The Embassy of Colombia in London is the diplomatic mission of the Republic of Colombia in the United Kingdom. It is headed by the Ambassador of Colombia to the United Kingdom. It is located in the Knightsbridge district in a building it shares with the Embassy of Ecuador, near Harrods, Hyde Park, and Hans Place, precisely at 3 Hans Crescent at the intersection of Basil Street, and it is serviced by Knightsbridge station.

About
The embassy is charged with representing the interests of the President and Government of Colombia, improving diplomatic relations between Colombia and the accredited countries, promoting and improving the image and standing of Colombia in the accredited nations, promoting the Culture of Colombia, encouraging and facilitating tourism to and from Colombia, and ensuring the safety of Colombians abroad.

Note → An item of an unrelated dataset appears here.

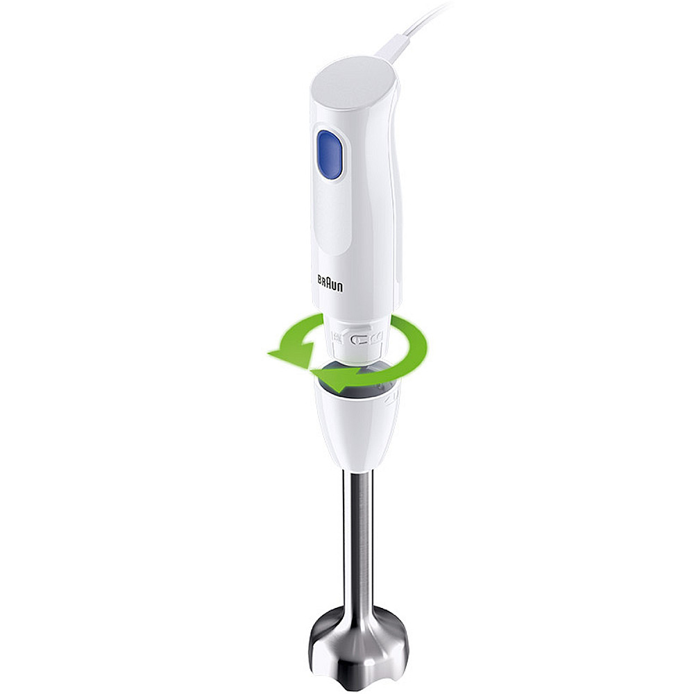 Upptäck den nya enkelheten med Brauns lättaste stavmixer, MultiQuick 1, som gör det möjligt att mixa med bara en enda knapptryckning. Den enkla hastighetsknappen är perfekt placerad för att du snabbt ska kunna blanda smoothies, soppor, såser eller desserter med minimal ansträngning.

The structure that houses the embassy is a white stucco-fronted red-brick building. The embassy is a suite of rooms occupying part of the ground floor of the building, which has been described as an "apartment block".

Colombia also maintains a number of other buildings in the city: a consulate at 35 Portland Place, Marylebone, a Commercial Section at 2 Conduit Street, Mayfair and a Military, Naval & Police Attaché's Office at 83 Victoria Street, Victoria.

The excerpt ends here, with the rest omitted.